Tigst Assefa broke the marathon world record by more than two minutes in Berlin last month. That’s mind-boggling. Then again, Courtney Dauwalter broke the course record at the Western States 100-Mile Endurance Run, one of the most prestigious and historic ultra races in the world, by more than an hour. There are still some unanswered questions about what limits endurance in “regular” long-distance races—but when it comes to ultrarunning, we’re still trying to figure out what the right questions are.
This is the blank spot addressed by a big new paper in the journal Sports Medicine, titled “Limits of Ultra: Towards an Interdisciplinary Understanding of Ultra-Endurance Running Performance.” That’s a mouthful, but the key word in there is “interdisciplinary.” Ultrarunning success isn’t just about having a high VO2 max or great running economy—though both those attributes are helpful. It’s also not just about being mentally tough, or hydrating appropriately, or having an iron stomach. It’s all of those things and more, which is why the paper brings together the insights of nine authors from a wide range of scientific disciplines, led by Nicolas Berger of Teesside University in Britain. Here are some of the highlights:
Beyond “Born to Run”
The first point the authors make is that ultrarunning is not natural. Sure, there’s some neat evidence that evolution shaped us to run long distances. But the demands of modern ultrarunning, both in training and competition, are far more extreme than the persistence hunting or scavenging our ancestors might have done. As a result, they write, “we should not view ultra-endurance running as the ultimate expression of our evolved physical nature, nor ultra-endurance runners as proxies for our ancestors.”
In fact, the most relevant evolutionary edge we have might be “phenotypic plasticity,” which is another way of saying that our physical abilities—and indeed our bodies—change dramatically in response to the demands we impose. Maintaining muscle mass, red blood cells, capillaries, and mitochondria burns energy. Since we evolved to conserve energy, we automatically cut back on those traits when we don’t train. But phenotypic plasticity also enables us to respond to extremely high volumes of training, far above what our ancestors ever encountered, that improve ultrarunning performance beyond what evolution ever “intended.”
Does Oxygen Matter?
Models of marathon performance focus on three key parameters: VO2 max, running economy, and lactate threshold. Together, these parameters determine whether you’re able to deliver enough oxygen to your muscles to maintain your desired pace. They don’t tell you everything about who’s going to win a marathon and how fast they’ll run, but they offer a pretty good first approximation.

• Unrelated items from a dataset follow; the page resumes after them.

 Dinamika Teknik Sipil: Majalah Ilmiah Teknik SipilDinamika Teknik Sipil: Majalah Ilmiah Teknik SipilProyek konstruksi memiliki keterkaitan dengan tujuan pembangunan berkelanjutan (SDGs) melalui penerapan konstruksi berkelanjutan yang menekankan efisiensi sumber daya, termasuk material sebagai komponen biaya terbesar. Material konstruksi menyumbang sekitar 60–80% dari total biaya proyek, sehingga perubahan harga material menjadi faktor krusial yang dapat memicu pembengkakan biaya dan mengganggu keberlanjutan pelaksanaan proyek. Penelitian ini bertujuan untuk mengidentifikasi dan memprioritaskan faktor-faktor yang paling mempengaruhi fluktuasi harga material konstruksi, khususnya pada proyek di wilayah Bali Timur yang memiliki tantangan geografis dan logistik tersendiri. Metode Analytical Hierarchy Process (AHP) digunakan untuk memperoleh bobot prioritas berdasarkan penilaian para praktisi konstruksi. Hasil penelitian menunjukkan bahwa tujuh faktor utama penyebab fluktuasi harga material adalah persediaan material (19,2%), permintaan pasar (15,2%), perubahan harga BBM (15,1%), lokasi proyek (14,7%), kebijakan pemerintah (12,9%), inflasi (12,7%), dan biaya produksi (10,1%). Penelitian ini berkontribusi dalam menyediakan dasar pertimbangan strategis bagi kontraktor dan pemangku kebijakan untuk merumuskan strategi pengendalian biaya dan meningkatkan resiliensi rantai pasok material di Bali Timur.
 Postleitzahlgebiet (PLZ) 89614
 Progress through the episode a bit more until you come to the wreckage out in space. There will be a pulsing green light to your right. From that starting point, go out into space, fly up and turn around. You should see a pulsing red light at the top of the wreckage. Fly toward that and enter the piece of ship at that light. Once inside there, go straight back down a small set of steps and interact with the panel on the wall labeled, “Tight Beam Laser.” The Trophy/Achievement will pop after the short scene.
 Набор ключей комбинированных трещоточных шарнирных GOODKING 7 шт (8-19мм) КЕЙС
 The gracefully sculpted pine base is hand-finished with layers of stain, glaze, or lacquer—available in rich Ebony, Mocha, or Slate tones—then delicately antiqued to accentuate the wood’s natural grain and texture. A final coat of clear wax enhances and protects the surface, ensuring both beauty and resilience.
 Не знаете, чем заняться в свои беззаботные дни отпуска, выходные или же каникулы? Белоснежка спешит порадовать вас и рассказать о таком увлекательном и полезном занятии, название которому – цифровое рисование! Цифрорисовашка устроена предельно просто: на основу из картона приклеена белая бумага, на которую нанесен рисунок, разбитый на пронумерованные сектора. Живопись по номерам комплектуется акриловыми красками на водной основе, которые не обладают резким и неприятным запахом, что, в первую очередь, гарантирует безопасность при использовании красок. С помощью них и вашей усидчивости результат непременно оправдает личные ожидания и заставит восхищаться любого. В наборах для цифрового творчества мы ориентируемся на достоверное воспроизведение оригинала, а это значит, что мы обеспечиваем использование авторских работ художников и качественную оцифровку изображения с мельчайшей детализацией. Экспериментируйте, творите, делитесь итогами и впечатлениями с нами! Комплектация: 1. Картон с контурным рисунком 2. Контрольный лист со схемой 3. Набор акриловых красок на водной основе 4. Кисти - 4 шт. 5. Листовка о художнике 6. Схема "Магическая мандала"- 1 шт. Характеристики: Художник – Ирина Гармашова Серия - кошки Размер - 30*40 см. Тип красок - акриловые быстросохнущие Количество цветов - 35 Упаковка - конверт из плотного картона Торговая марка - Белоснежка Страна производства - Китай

It’s not clear that the same approach should work for ultramarathons. Oxygen supply and demand matter most when you’re running faster than critical velocity, which corresponds to about 90 percent of VO2 max. Marathons are run very close to this speed, but ultra races are far slower, typically between about 40 and 70 percent of VO2 max depending on the distance. If your muscles are short on oxygen halfway through a 100-miler, you should in theory be able to solve that problem by simply breathing a little harder. And indeed, studies have generally found that factors like running economy and VO2 max don’t predict ultra performance very well.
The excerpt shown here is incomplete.